WHAT THE EXERCISE ASKS:
From the data below, return only the lines from the one with "ひじきをたっぷりの水に浸します。 ひじきがもどったらザルにとって軽くみずあらいし、水気を良く切ってご使用下さい。 |" through the one with "2020年,高等教育毛入學率", exact and inclusive, with pictures left out.

DATASET ENTRIES:
┄┄┄┄┄┄┄┄┄┄
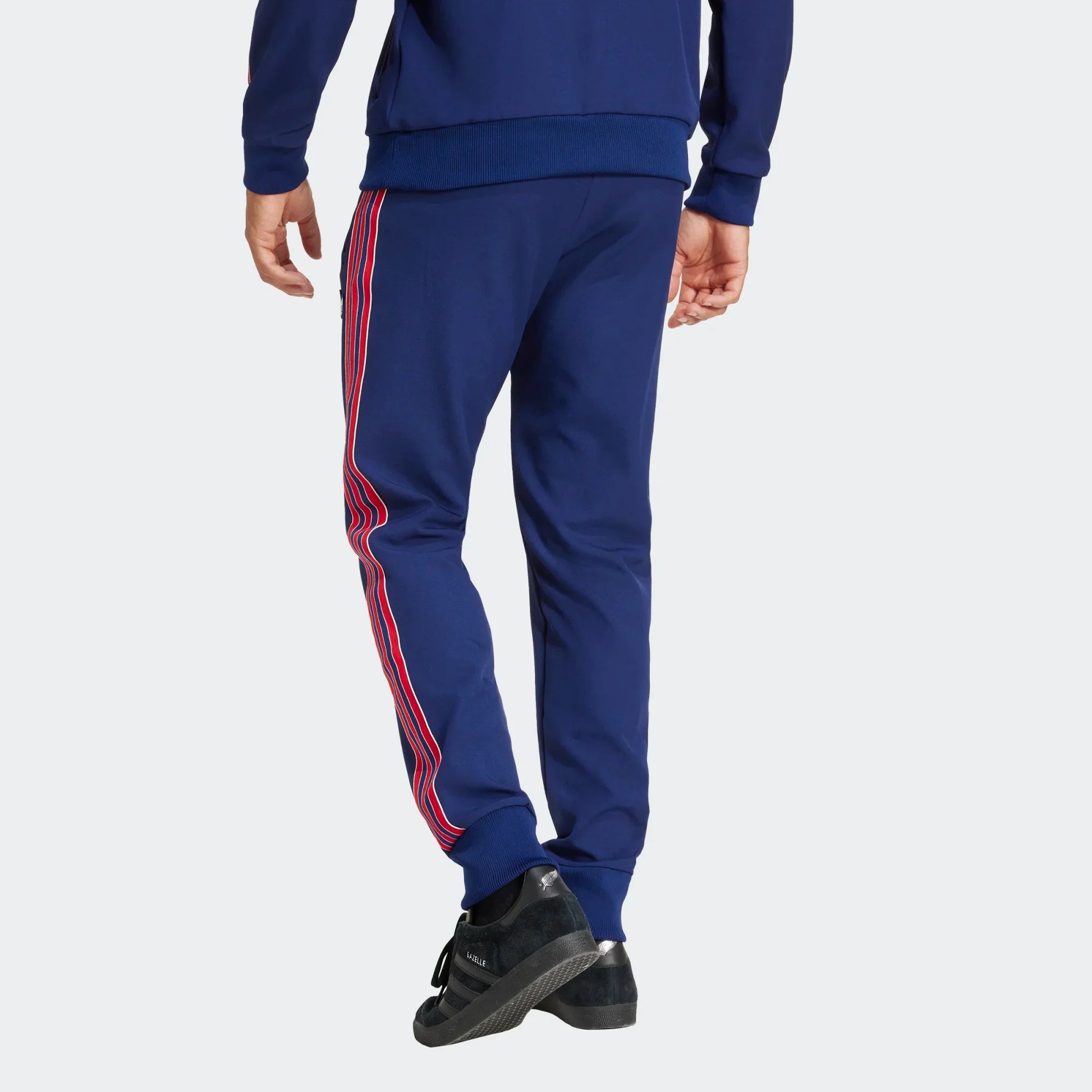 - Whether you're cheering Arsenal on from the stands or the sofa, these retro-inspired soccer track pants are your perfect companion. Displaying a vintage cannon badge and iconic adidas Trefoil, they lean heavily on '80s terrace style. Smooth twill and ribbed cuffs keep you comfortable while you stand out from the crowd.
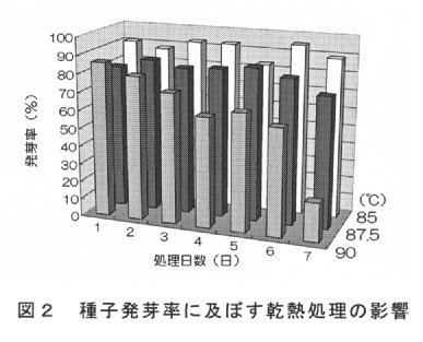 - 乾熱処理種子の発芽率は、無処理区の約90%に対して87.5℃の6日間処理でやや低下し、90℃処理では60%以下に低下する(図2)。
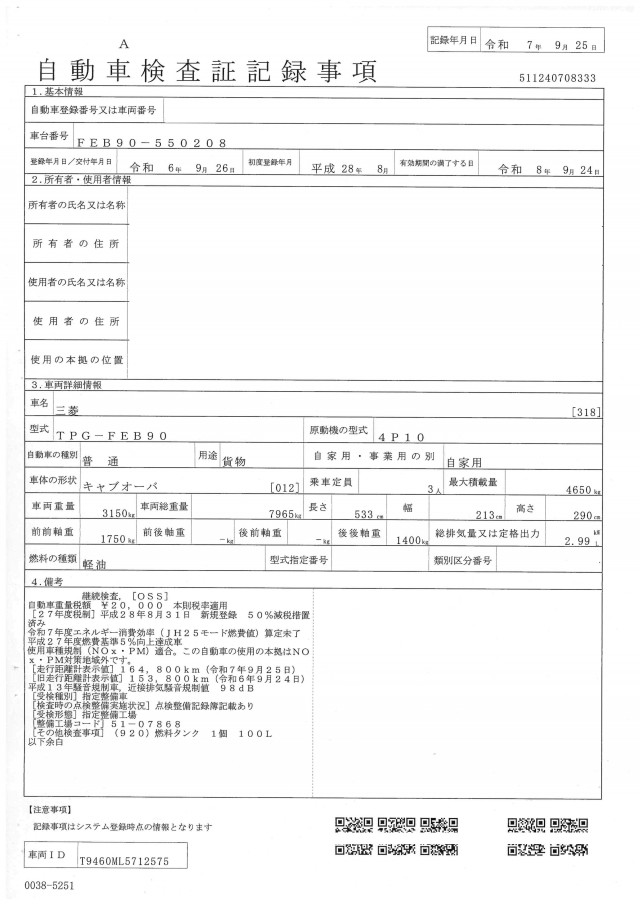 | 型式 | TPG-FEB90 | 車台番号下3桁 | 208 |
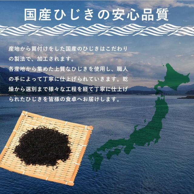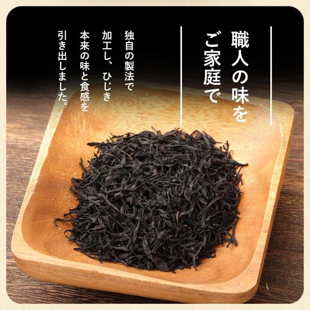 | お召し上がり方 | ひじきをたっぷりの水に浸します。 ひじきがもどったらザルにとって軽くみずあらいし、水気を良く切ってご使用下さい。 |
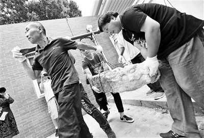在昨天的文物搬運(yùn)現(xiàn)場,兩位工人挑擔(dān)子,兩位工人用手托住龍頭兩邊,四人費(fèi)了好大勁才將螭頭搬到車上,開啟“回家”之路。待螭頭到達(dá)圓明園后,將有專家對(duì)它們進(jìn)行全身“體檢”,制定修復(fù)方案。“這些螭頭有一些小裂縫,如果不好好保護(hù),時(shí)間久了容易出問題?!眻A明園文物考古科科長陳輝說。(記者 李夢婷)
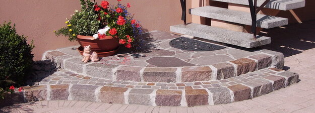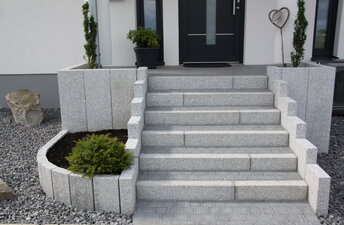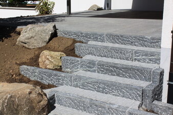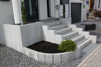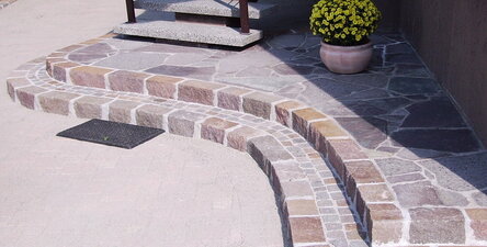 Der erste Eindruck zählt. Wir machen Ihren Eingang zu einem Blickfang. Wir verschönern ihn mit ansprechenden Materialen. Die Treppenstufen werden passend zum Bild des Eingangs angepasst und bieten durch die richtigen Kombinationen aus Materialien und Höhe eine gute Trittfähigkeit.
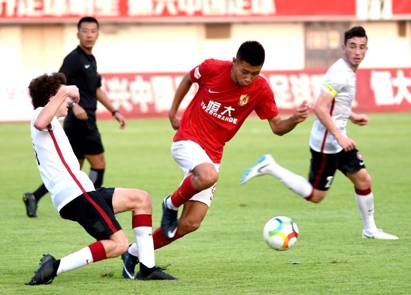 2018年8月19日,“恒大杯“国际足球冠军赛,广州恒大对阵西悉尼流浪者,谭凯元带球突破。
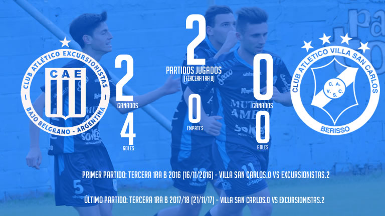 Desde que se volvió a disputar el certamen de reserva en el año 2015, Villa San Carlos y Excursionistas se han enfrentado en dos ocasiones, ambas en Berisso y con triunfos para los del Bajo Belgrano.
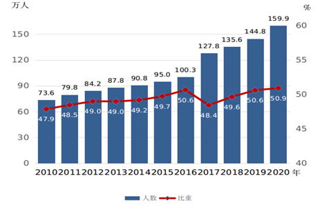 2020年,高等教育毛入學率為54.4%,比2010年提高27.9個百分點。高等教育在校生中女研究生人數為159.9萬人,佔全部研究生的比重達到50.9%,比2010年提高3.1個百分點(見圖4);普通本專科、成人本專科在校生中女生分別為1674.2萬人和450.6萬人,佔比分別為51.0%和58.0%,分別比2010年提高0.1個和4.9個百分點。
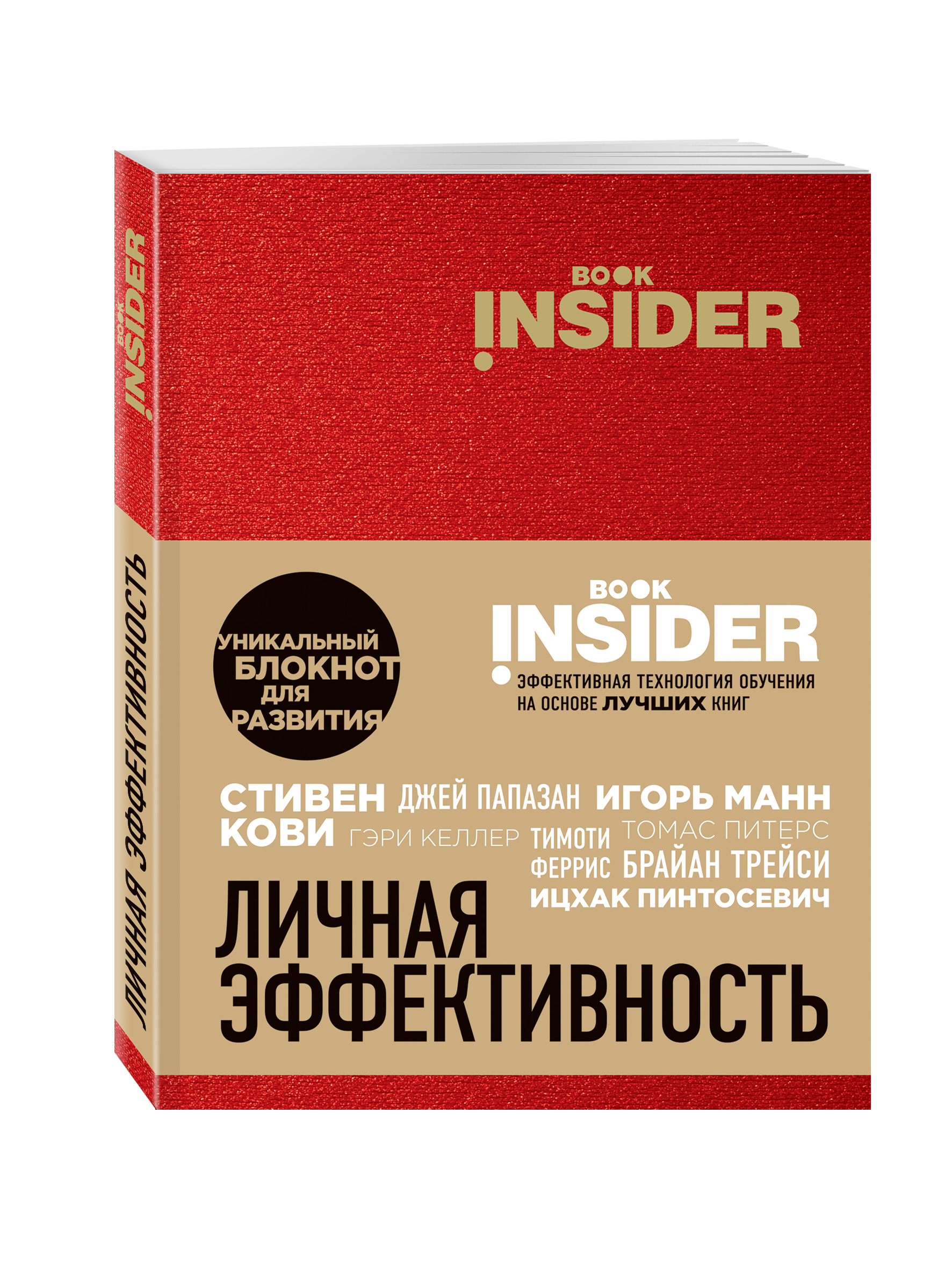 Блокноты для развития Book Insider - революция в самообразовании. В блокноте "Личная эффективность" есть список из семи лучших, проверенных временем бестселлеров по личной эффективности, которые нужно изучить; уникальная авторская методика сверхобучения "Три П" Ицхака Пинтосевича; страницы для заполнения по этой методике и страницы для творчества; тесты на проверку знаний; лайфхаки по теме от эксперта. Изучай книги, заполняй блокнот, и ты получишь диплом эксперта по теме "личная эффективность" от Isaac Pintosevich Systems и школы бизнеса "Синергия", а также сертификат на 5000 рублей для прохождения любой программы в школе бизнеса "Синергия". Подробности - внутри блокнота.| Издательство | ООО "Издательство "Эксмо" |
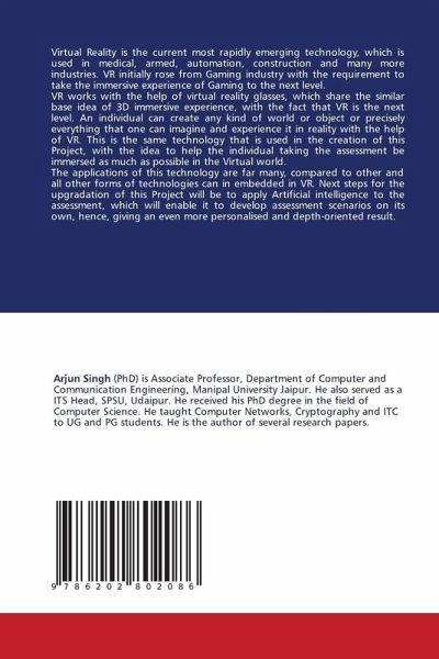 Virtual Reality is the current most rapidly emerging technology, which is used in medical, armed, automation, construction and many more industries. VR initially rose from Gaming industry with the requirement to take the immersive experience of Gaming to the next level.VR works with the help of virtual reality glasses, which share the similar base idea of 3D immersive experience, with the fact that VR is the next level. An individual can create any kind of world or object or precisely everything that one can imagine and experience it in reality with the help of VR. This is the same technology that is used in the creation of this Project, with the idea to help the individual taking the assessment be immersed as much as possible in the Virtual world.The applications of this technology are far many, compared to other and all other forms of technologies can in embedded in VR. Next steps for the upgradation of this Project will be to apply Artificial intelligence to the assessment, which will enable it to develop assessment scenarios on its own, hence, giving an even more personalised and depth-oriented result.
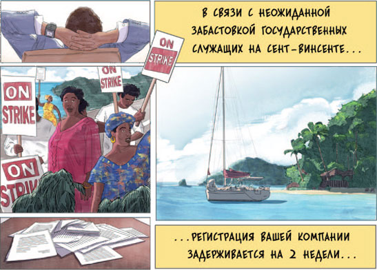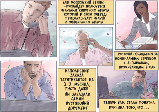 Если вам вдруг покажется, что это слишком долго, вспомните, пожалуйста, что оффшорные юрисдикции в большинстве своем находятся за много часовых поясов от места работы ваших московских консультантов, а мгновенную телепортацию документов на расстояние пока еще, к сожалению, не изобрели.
┄┄┄┄┄┄┄┄┄┄
OUTPUT FOR THIS TASK:
 | お召し上がり方 | ひじきをたっぷりの水に浸します。 ひじきがもどったらザルにとって軽くみずあらいし、水気を良く切ってご使用下さい。 |
在昨天的文物搬運(yùn)現(xiàn)場,兩位工人挑擔(dān)子,兩位工人用手托住龍頭兩邊,四人費(fèi)了好大勁才將螭頭搬到車上,開啟“回家”之路。待螭頭到達(dá)圓明園后,將有專家對(duì)它們進(jìn)行全身“體檢”,制定修復(fù)方案。“這些螭頭有一些小裂縫,如果不好好保護(hù),時(shí)間久了容易出問題?!眻A明園文物考古科科長陳輝說。(記者 李夢婷)
 Der erste Eindruck zählt. Wir machen Ihren Eingang zu einem Blickfang. Wir verschönern ihn mit ansprechenden Materialen. Die Treppenstufen werden passend zum Bild des Eingangs angepasst und bieten durch die richtigen Kombinationen aus Materialien und Höhe eine gute Trittfähigkeit.
 2018年8月19日,“恒大杯“国际足球冠军赛,广州恒大对阵西悉尼流浪者,谭凯元带球突破。
 Desde que se volvió a disputar el certamen de reserva en el año 2015, Villa San Carlos y Excursionistas se han enfrentado en dos ocasiones, ambas en Berisso y con triunfos para los del Bajo Belgrano.
 2020年,高等教育毛入學率為54.4%,比2010年提高27.9個百分點。高等教育在校生中女研究生人數為159.9萬人,佔全部研究生的比重達到50.9%,比2010年提高3.1個百分點(見圖4);普通本專科、成人本專科在校生中女生分別為1674.2萬人和450.6萬人,佔比分別為51.0%和58.0%,分別比2010年提高0.1個和4.9個百分點。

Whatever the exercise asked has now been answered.